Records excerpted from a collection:
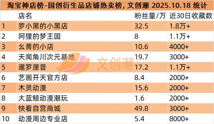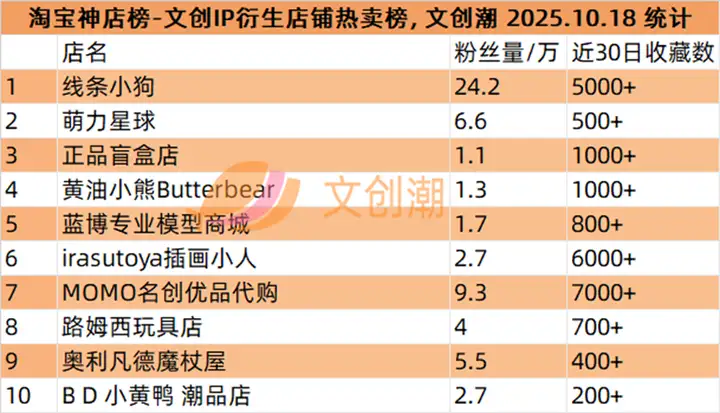 文创IP衍生店铺热卖榜,前五名分别是:
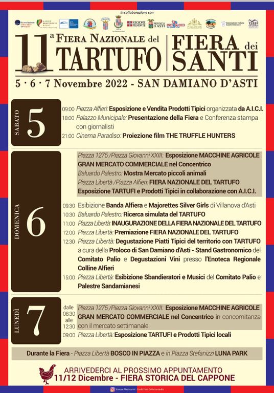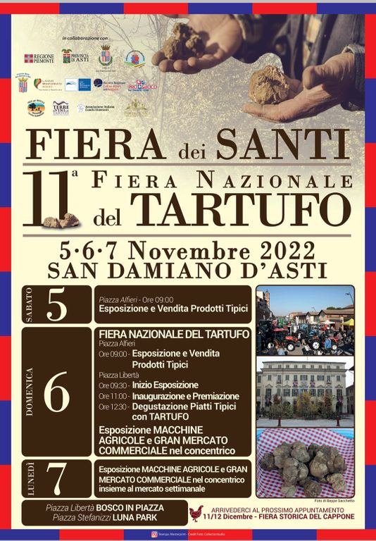 Domenica 6 novembre si svolgerà la prima edizione nazionale della Fiera del tartufo a San Damiano, ma già da sabato ci saranno alcune iniziative: in piazza Alfieri esposizione da sabato mattina di prodotti tipici sia piemontesi che da altre regioni.
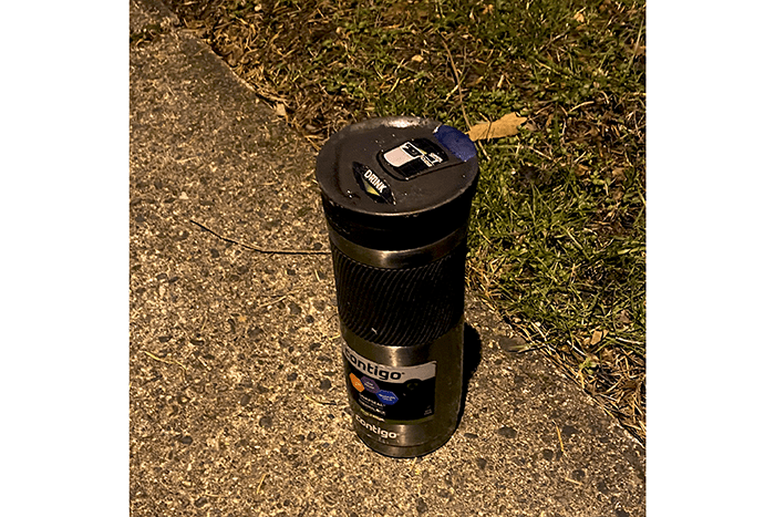 For the second time this week, a bottle of yellow liquid. We wouldn’t touch it with a ten-foot pole. But we did with our three-foot picker.
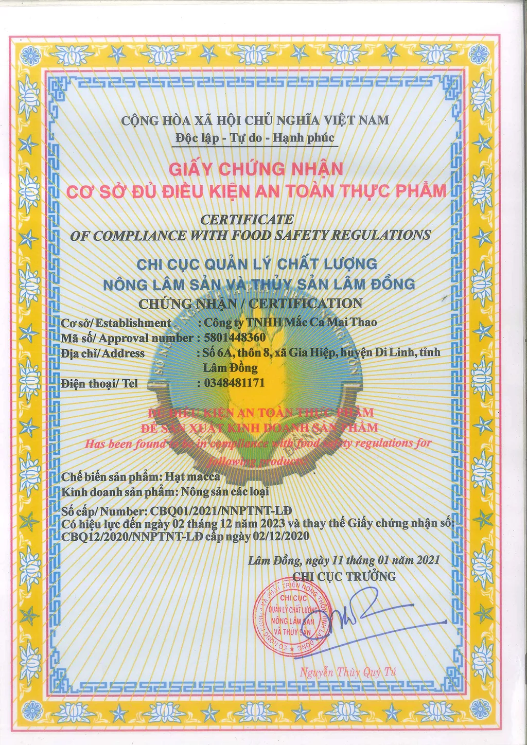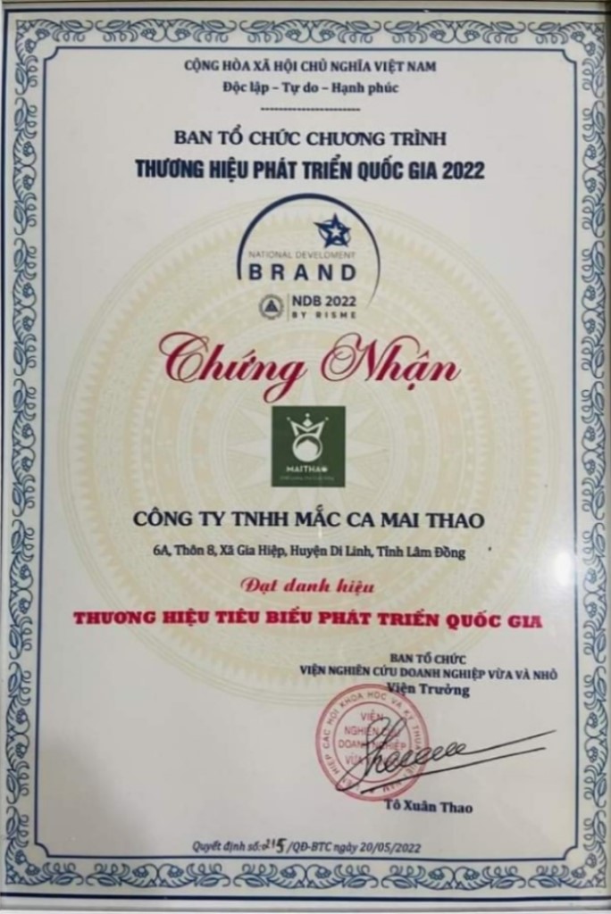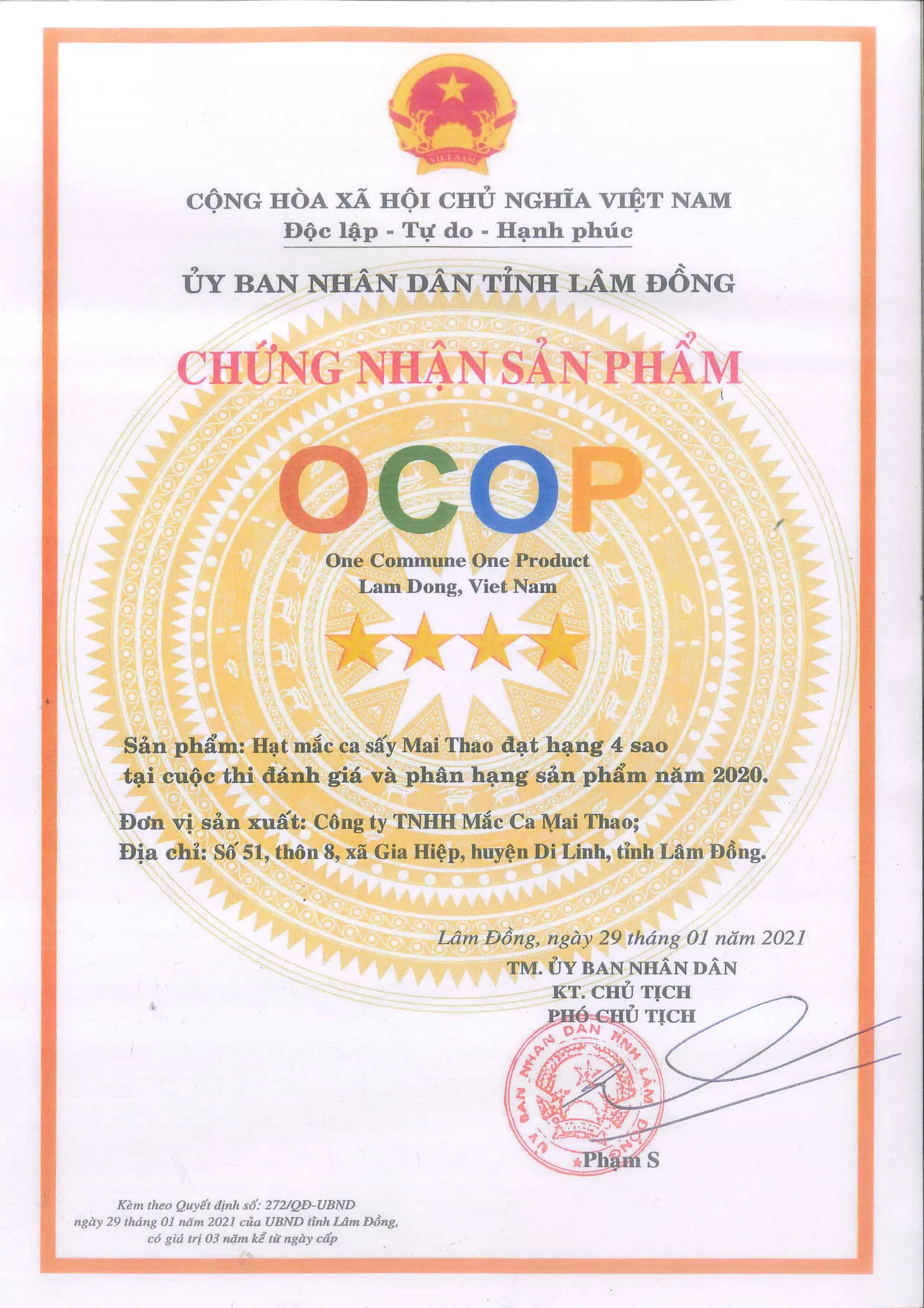 Maccca Mai Thao đã được chứng nhận đạt hạng 4 sao của OCOP tại cuộc thi đánh giá và phân hạng sản phẩm năm 2020, và giấy khen của Sở Công Thương tỉnh Lâm Đồng. Sản phẩm của chúng tôi đều được chọn lựa kỹ lưỡng và có sự sàng lọc từ nguồn nhiên liệu đầu vào từ các nông hộ khu vực Tây Nguyên.
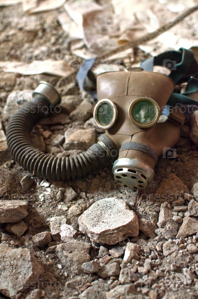 Противогаз лежит на разбитом каменном полу
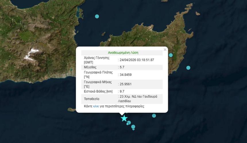 Σύμφωνα με το Γεωδυναμικό Ινστιτούτο του Εθνικού Αστεροσκοπείου Αθηνών, το επίκεντρο της δόνησης εντοπίζεται στον θαλάσσιο χώρο 18 χλμ. νότια του Γούδουρα Λασιθίου.
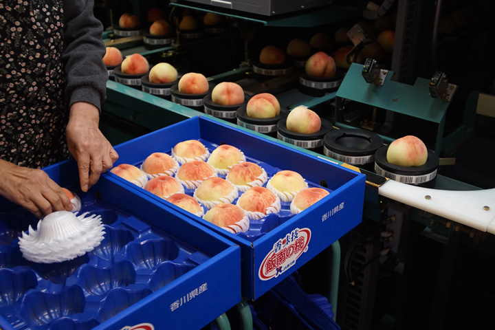 国内で唯一、JA香川だけが持つ高精度センサー【香味技】。最新鋭の光センサーで、桃の糖度(甘さ)だけでなく、硬度や果肉障害の有無まで総合的に果実を測定します。
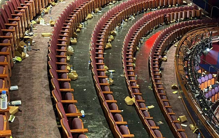 O jornalista americano Matt Neglia, do portal Next Best Picture, divulgou uma imagem do Dolby Theater, em Los Angeles, local onde ocorreu o Oscar 2026, totalmente sujo após o final da cerimônia.
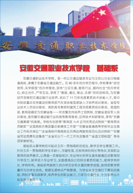 安徽交通職業技術學院五年一貫制高職招生簡章
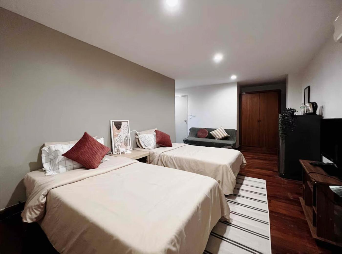 Quadruple Room with Private Bathroom. Providing free toiletries, this quadruple room includes a private bathroom with a walk-in shower, a hairdryer and slippers. Air conditioning, a wardrobe and a carpeted floor are provided in this quadruple room. The unit offers 2 beds. ;
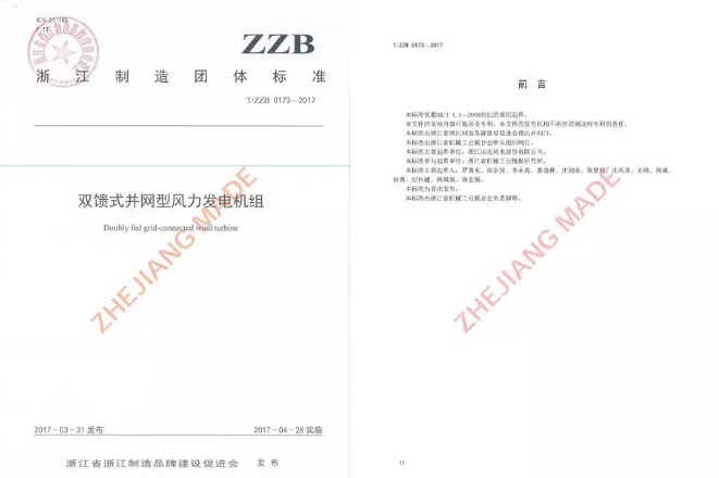 近日,由运达风电主持制定的“浙江制造”团体标准T/ZZB 0173—2017《双馈式并网型风力发电机组》正式发布,该标准由浙江制造品牌促进会提出,浙江省机械工业联合会归口。
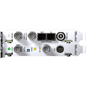 The included expansion board carries word clock I/O (BNC) and MIDI I/O. The word clock input is galvanically isolated via transformer and operates on both single and double speed signals automatically. MIDI I/O offers two completely independent MIDI inputs and outputs via breakout cable (4 DIN sockets). A virtual MIDI port allows for a direct transmission of MIDI data over MADI.
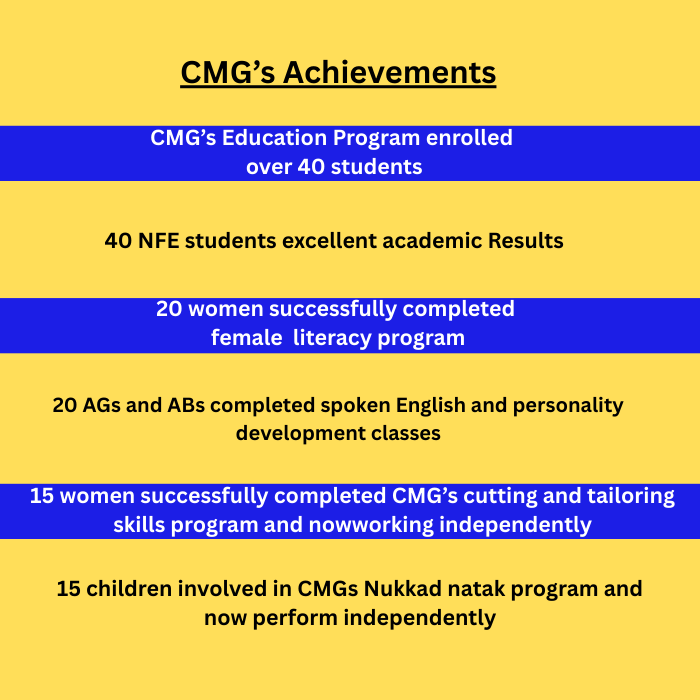 Change Makers Group (CMG) is a registered NGO founded by social workers to support marginalized communities lacking education, health, and employment opportunities.
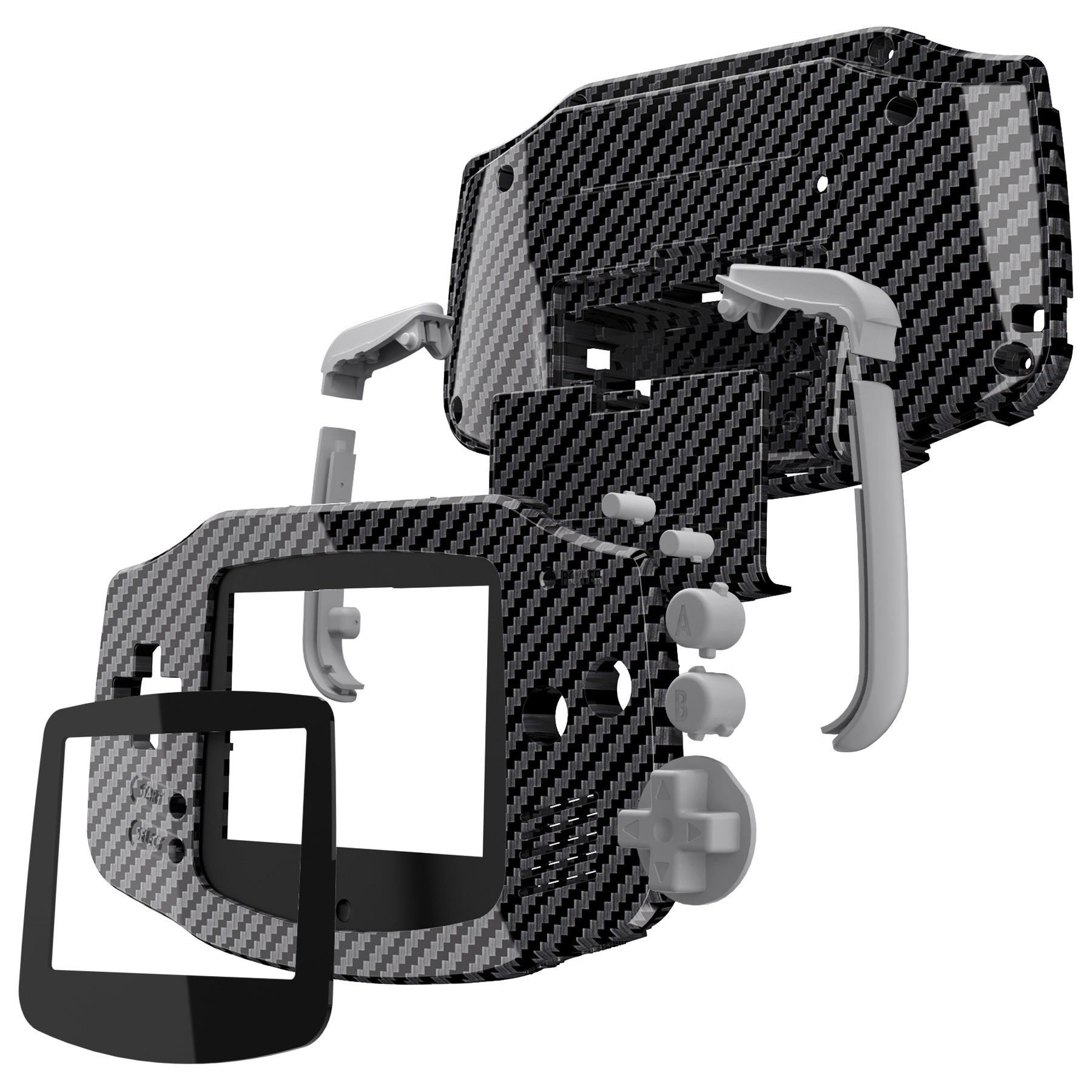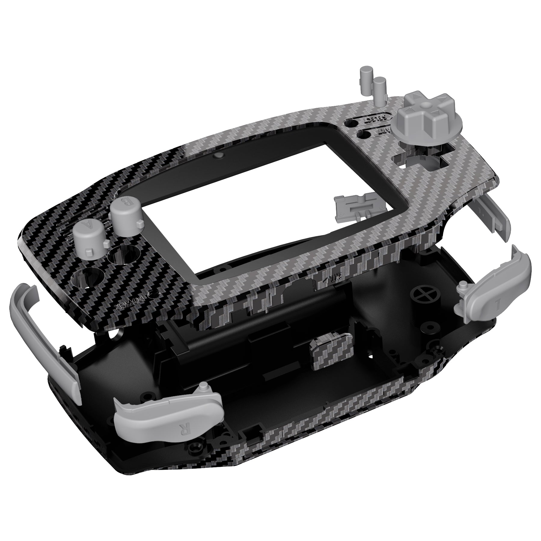 eXtremeRate IPS Ready Upgraded GBA Replacement Full Set Shells with Buttons for Gameboy Advance, Compatible with Both IPS & Standard LCD - Graphite Carbon Fiber
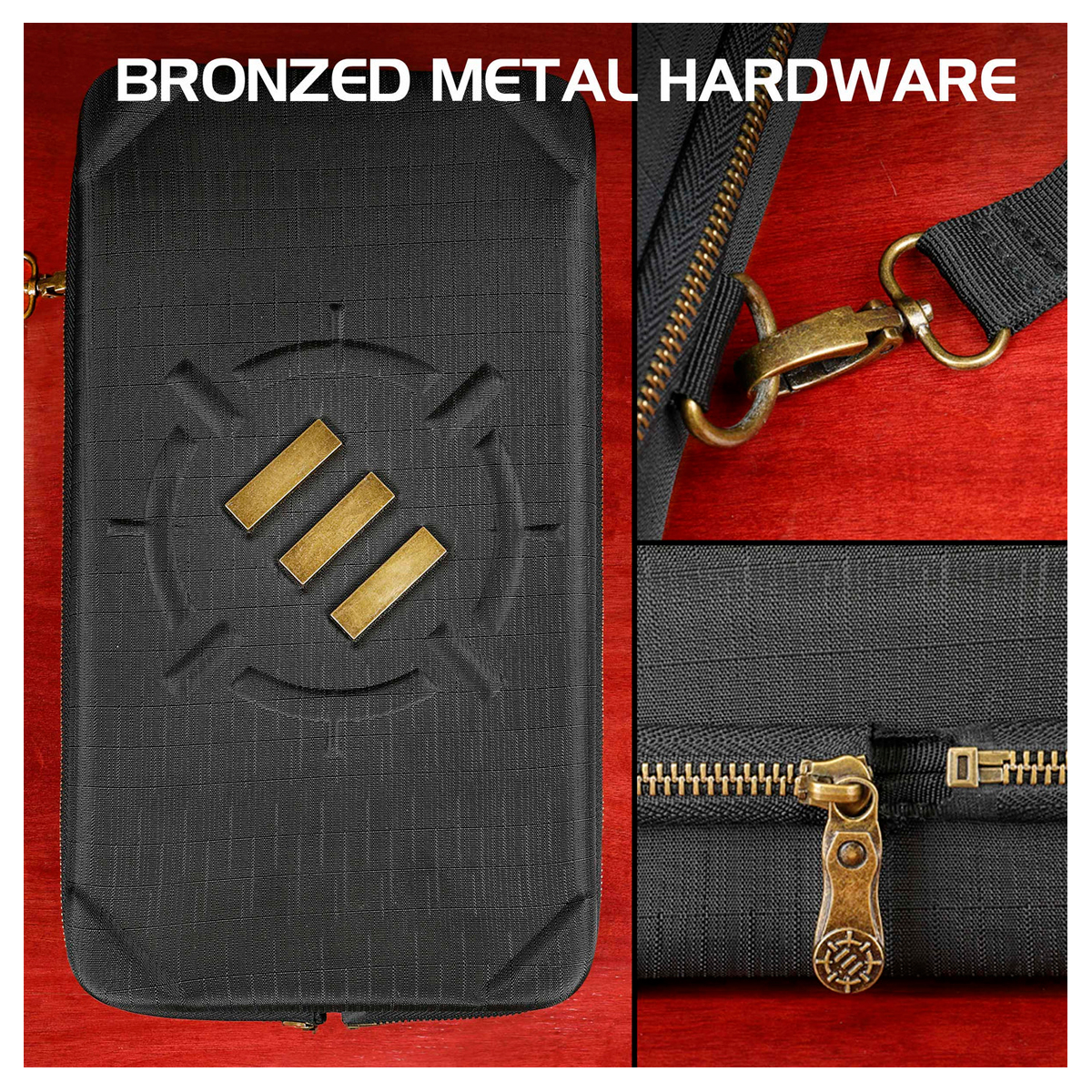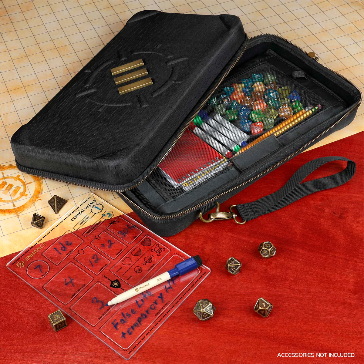 HEAVY-DUTY ANCIENT BRONZE: Worn-finished metal hardware and a built-in hand strap feel stylishly in theme with all your fantasy RPG games and all the ENHANCE Tabletop Series gear
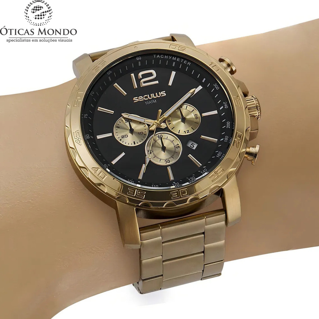 | Relógio Seculus Masculino Cronógrafo Casual Aço Dourado Original este produto | R$ 528,00 | 12% | 4.0/5 | — |
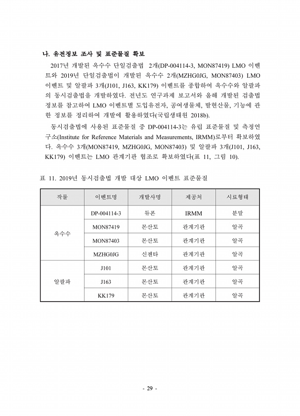 29 2017 2 DP-004114-3, MON87419 LMO 2019 2 MZHG0JG, MON87403 LMO 3 J101, J163, KK179 LMO , , , 2018b DP-004114-3 Institute for Reference Materials and Measurements, IRMM 3 MON87419, MZHG0JG, MON87403 3 J101, J163, KK179 LMO 11, 10 11. 2019 LMO DP-004114-3 IRMM MON87419 MON87403 MZHG0JG J101 J163 KK179
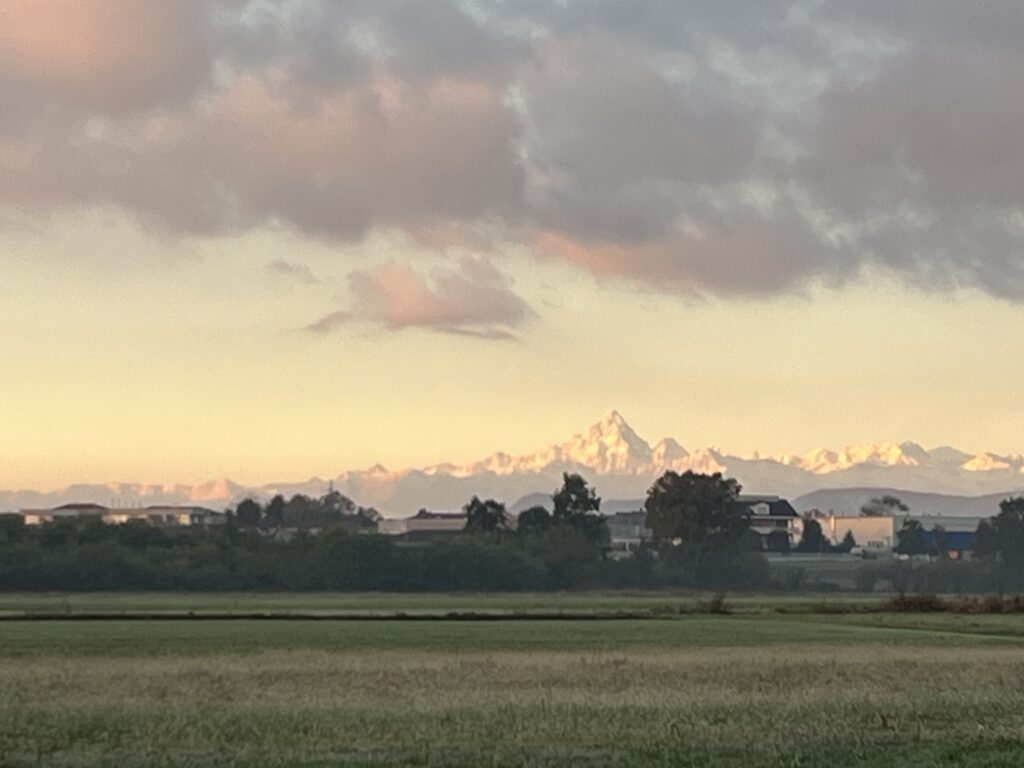 - Enzan no metsuke nella vita quotidiana: Allenare lo sguardo a posarsi su un punto lontano — come le montagne all’orizzonte — usando la visione periferica per catturare il contesto. Per esempio, al mattino durante la passeggiata con i cani ho la fortuna di vedere di fronte a me il Monviso (iconica montagna piemontese a forma di cuneo). L’occasione è perfetta guardo la montagna innevata lontana e contemporaneamente controllo cosa fa il cane anziano vicino a me. In sintesi alleno lo sguardo camminando.

* _What is expected_
Which part of the entries opens with the line containing "The included expansion" and closes with the line containing "Change Makers Group"? Output that part exactly, ends included, pictures excluded.

* _Worked solution_
 The included expansion board carries word clock I/O (BNC) and MIDI I/O. The word clock input is galvanically isolated via transformer and operates on both single and double speed signals automatically. MIDI I/O offers two completely independent MIDI inputs and outputs via breakout cable (4 DIN sockets). A virtual MIDI port allows for a direct transmission of MIDI data over MADI.
 Change Makers Group (CMG) is a registered NGO founded by social workers to support marginalized communities lacking education, health, and employment opportunities.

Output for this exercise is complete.